This bet is hitting 2-6 and 8-12 all before hitting a 7. Not the same problem, but on the track.

06-23-2011, 05:30 AM   #14
R Gibert

Join Date: Jan 2006
Posts: 936
Re: Dice rolling question

Quote:
 Originally Posted by Pyromantha Yep, but the question is *much* more interesting mathematically if they are treated the same, so that some squares have different probabilities. A related interesting question is what is the expected number of throws of two dice, until you have collected all possible totals from 2,3,....., 12. Anyone fancy having a go at that?
I wrote a short Monte Carlo program and ran it 1,000,000 times.
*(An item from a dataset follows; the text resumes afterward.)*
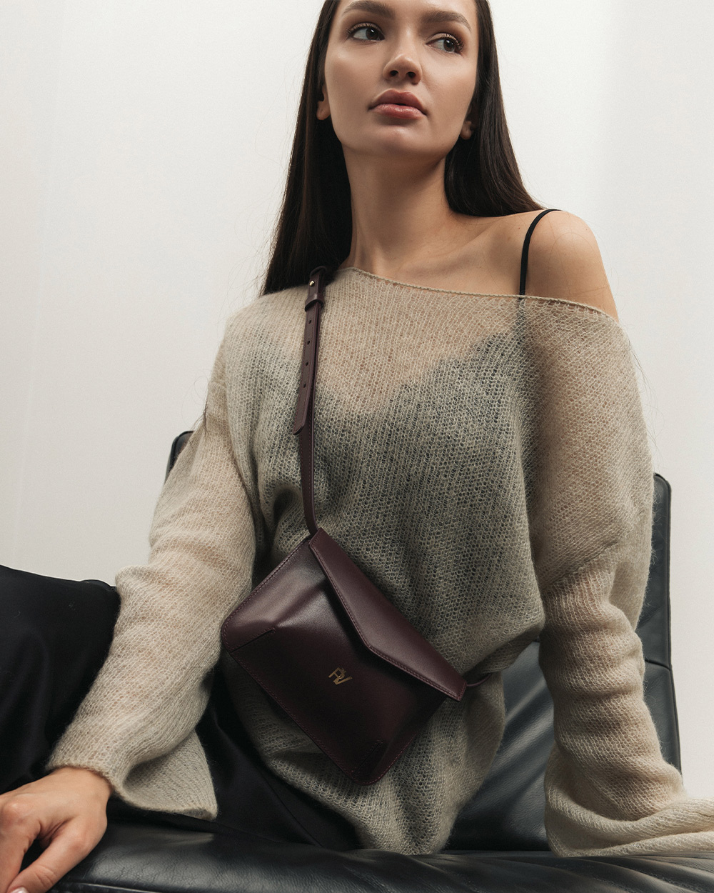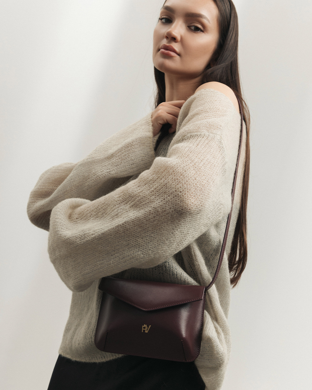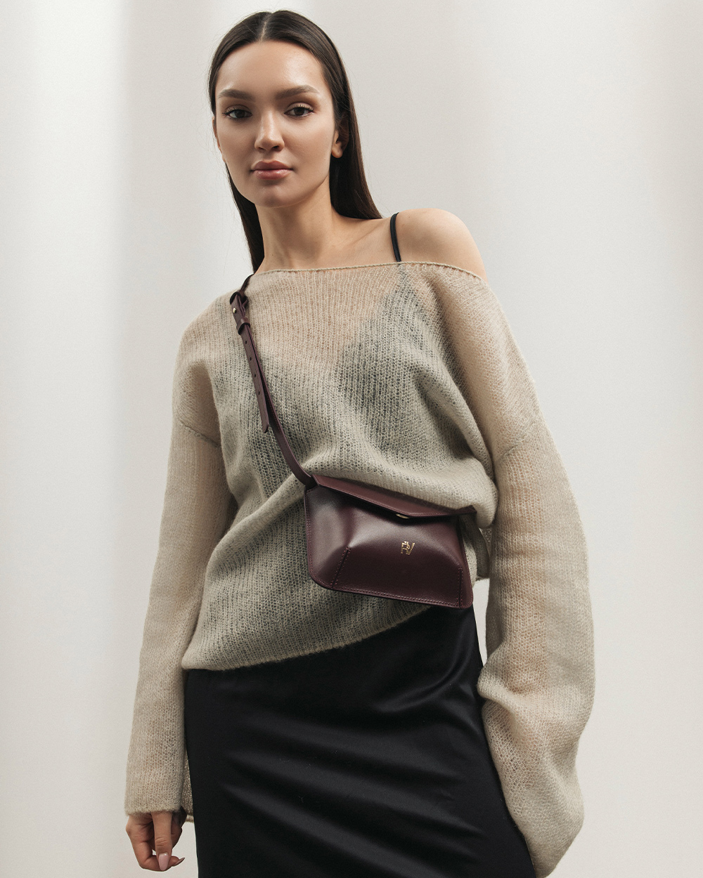 Сумка "Camellia" шкіряна, баклажанова

The expected number of throws came out to about 61.2

06-23-2011, 04:41 PM   #15
veteran

Join Date: Apr 2011
Posts: 2,778
Re: Dice rolling question

Quote:
 Originally Posted by Pyromantha A related interesting question is what is the expected number of throws of two dice, until you have collected all possible totals from 2,3,....., 12. Anyone fancy having a go at that?
I asked my father, who is somewhat of a math guru - with no explanation he says he believes its 54. Thanks dad.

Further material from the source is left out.